Risk-Adjusted Performance

4 of 100

 
Weak
 
Strong
Insignificant
Compared to the overall equity markets, risk-adjusted returns on investments in TITAN MACHINERY are ranked lower than 4 (%) of all global equities and portfolios over the last 90 days. In spite of rather fragile basic indicators, TITAN MACHINERY may actually be approaching a critical reversion point that can send shares even higher in December 2024.
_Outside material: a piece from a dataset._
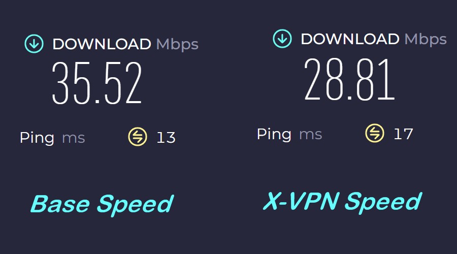 I testene våre gir X-VPN gode resultater, noe som resulterer i bare 19 % reduksjon i hastighet sammenlignet med baseline når den er koblet til den raskeste serveren via WireGuard-protokollen. Dette var omtrent 22 % når det var koblet til en server på den andre siden av verden.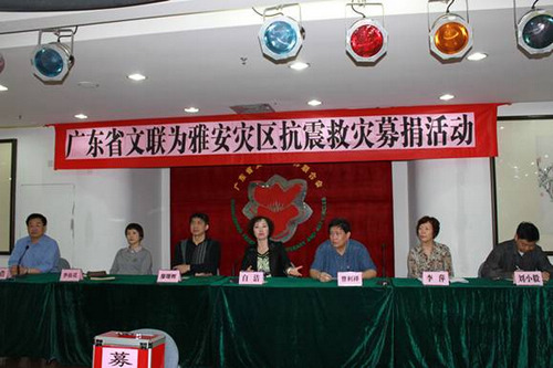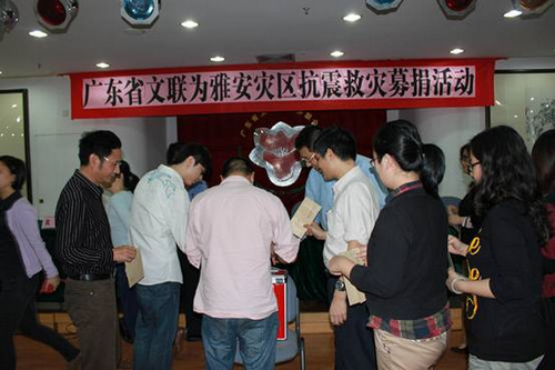 當前,省文聯正在積極籌備27日組織廣東文藝界進行賑災義演募捐活動,廣東戲劇界28日將組織戲劇名家進行義演募捐。省攝影家協會在雅安地震當天就在協會活動中向災區捐款六千多元;連日來,許多藝術家、音樂人也在積極組織開展創作活動,如連向先、高翔等詞曲作者連夜創作了《我們和你在一起》、《我們一起扛》、《愛心飛翔》等歌曲,為災區人民鼓勁。

PPG Industries and TITAN MACHINERY Volatility Contrast

   Predicted Return Density   
       Returns  

Pair Trading with PPG Industries and TITAN MACHINERY

The main advantage of trading using opposite PPG Industries and TITAN MACHINERY positions is that it hedges away some unsystematic risk. Because of two separate transactions, even if PPG Industries position performs unexpectedly, TITAN MACHINERY can make up some of the losses. Pair trading also minimizes risk from directional movements in the market. For example, if an entire industry or sector drops because of unexpected headlines, the short position in TITAN MACHINERY will offset losses from the drop in TITAN MACHINERY's long position.
The idea behind PPG Industries and TITAN MACHINERY pairs trading is to make the combined position market-neutral, meaning the overall market's direction will not affect its win or loss (or potential downside or upside). This can be achieved by designing a pairs trade with two highly correlated stocks or equities that operate in a similar space or sector, making it possible to obtain profits through simple and relatively low-risk investment.
Check out your portfolio center.
Note that this page's information should be used as a complementary analysis to find the right mix of equity instruments to add to your existing portfolios or create a brand new portfolio. You can also try the Commodity Channel module to use Commodity Channel Index to analyze current equity momentum.